The Council has continuously advocated for appropriate PBGC premium levels and has, with mixed success, vigorously opposed Congressional efforts to raise premiums to finance measures totally unrelated to pension policy. The Council has also sought to educate policymakers about the true nature of the PBGC single-employer program’s financial solvency. The Council commissioned and released an independent research report, Further PBGC Premium Increases Pose Greatest Threat to Pension System, in June 2014, which concluded that frequent single-employer premium increases “threaten the long-term viability of the defined benefit pension system and PBGC’s plan termination insurance program by driving away employers that present no risk to the system.” (See the June 23, 2014, Benefits Byte.)
Council Submits Amicus Brief in Case Regarding Whether Providers are Statutory Beneficiaries under ERISA
In an amicus (“friend of the court”) brief submitted on April 21, the Council urged the U.S. Seventh Circuit Court of Appeals to reverse a lower court ruling that health care providers who receive direct payments from health plans automatically become plan “beneficiaries” with an array of ERISA rights. The amicus brief, filed in support of Independence Blue Cross, argued that deeming healthcare providers that receive direct plan payments to thereby become ERISA “beneficiaries” would have enormous implications for ERISA plans. Providing to healthcare providers the ERISA rights now generally understood to be owed to plan participants and their dependents would lead to wide-ranging disputes and potential litigation as to who has the proper claim to a particular ERISA right under the plan.

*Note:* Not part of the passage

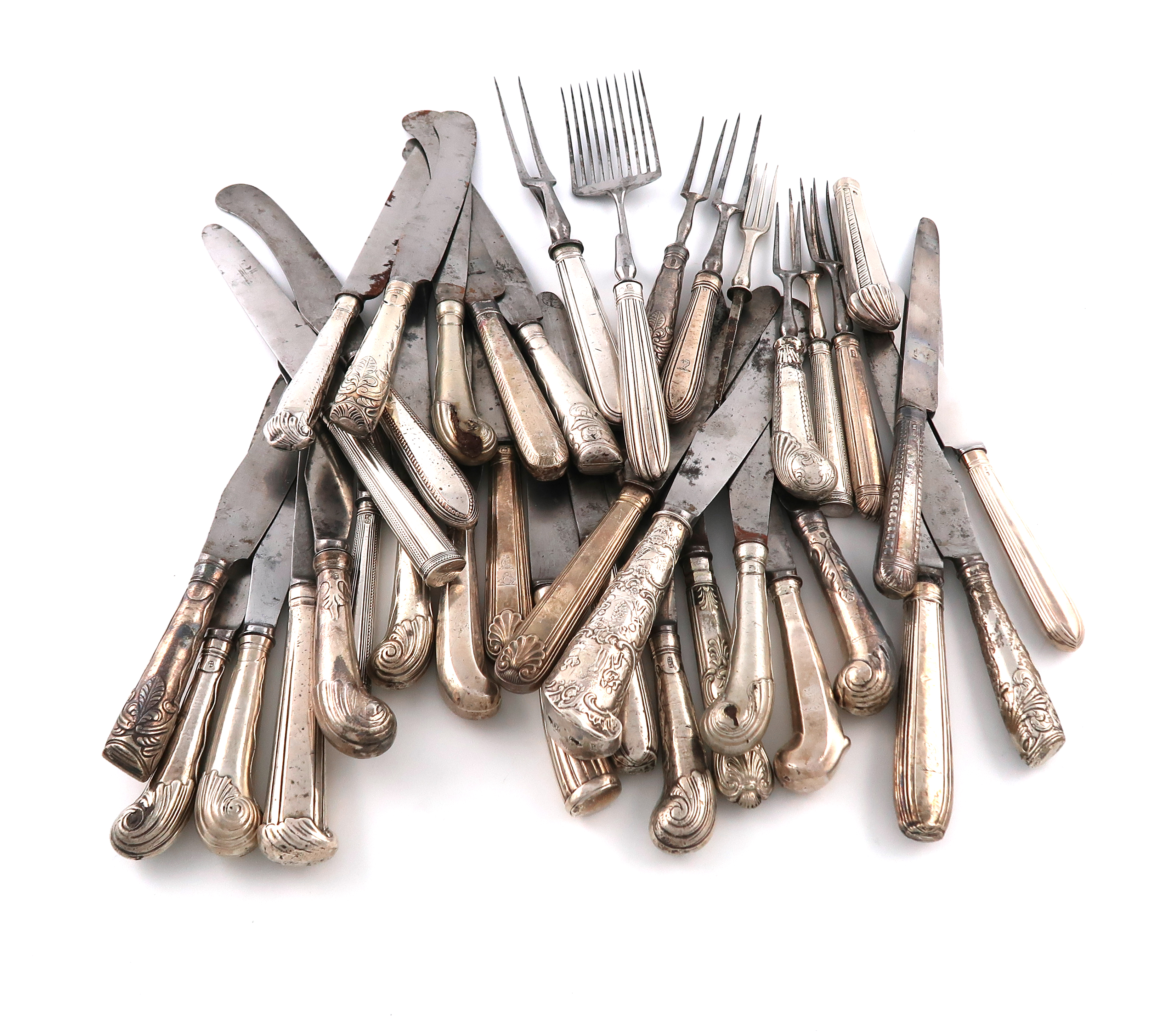 plus a silver-handed steel serving fork, Sheffield 1790, a carving fork, five table forks and a silver serving fork, lacking handle. (qty)

The litigation arose in the context of disputed recoveries by Independence Blue Cross of overpayments to chiropractic providers. As explained in the brief, the case is not about whether providers have a right to sue health plans when disputes arise over reimbursement amounts. Network providers such as the plaintiffs are reimbursed pursuant to the terms of network contracts and can (and do) pursue reimbursement disputes in state court to enforce the terms of the contracts. This case instead raises the question of whether these disputes should be brought within the ambit of ERISA.

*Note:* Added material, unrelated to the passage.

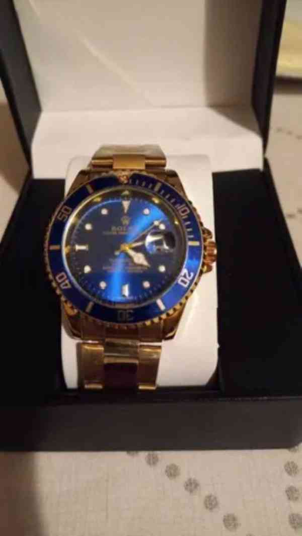 Nabízím pánské náramkové hodinky inspirované designem Rolex. Jedná se o neoriginální výrobek, který není vyráběn ani certifikován společností Rolex. Hodinky mají elegantní zlaté provedení s modrým ciferníkem a lunetou, což jim dodává výrazný a luxusní vzhled.

The U.S. District Court for the Northern District of Illinois (Eastern Division), in its March 2014 ruling for the plaintiff chiropractors in Pennsylvania Chiropractic Association et al. v. Blue Cross Blue Shield Association et al., held that a payment of money for medical services covered in the relevant insurance plans constitutes a ‘benefit’ under ERISA and that the providers should be considered beneficiaries because the plan expressly designates them to receive payment directly, and those payments constitute ERISA benefits.

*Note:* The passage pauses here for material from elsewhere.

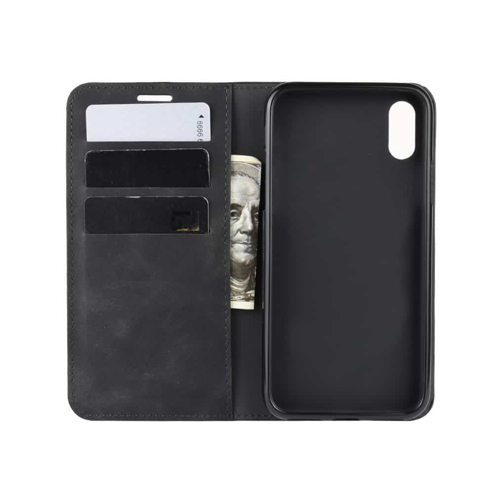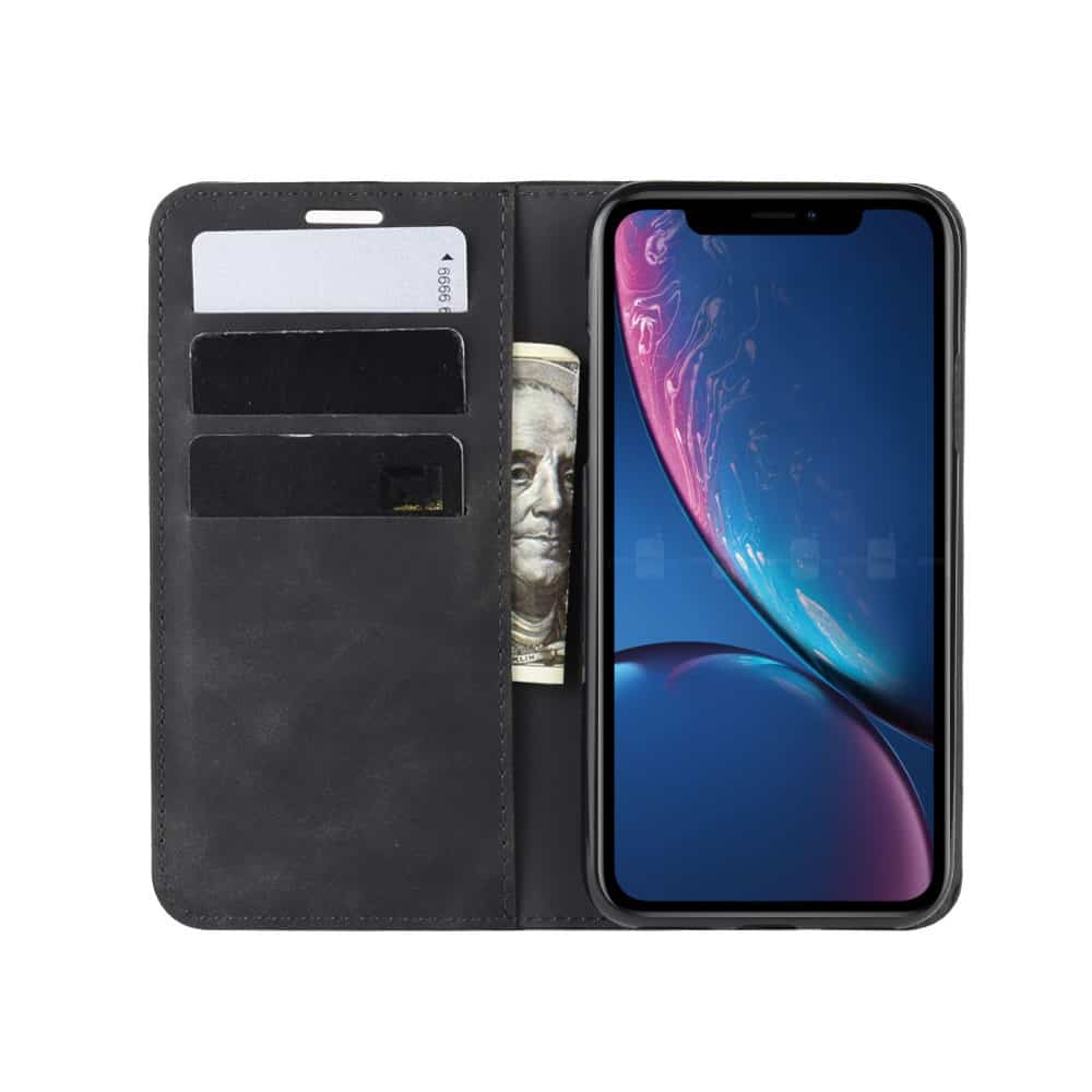 iPhone XR forretningsstilet mobilcover med kortholder og automatisk lukkesystem – Sort

The Council’s brief argues that the district court’s holding must be reversed because it fundamentally misconstrues ERISA’s statutory definition of “beneficiary,” which applies only to those persons who are “entitled” to benefits under the terms of a plan. The brief warns that unless the appeals court corrects the lower court error ERISA plans that want to preclude assignments will be forced to forego direct provider payments entirely. Until now, ERISA plans have participated in a convenient reimbursement system that serves the interests of plans, participants and providers alike by facilitating the prompt resolution and payment of healthcare claims without requiring patients to cover the cost up front. Confronted with the risk of becoming enmeshed in administering unclear and disputed ERISA rights, plans would have strong incentives to opt out of this system, causing additional delay, expense and administrative burden for all.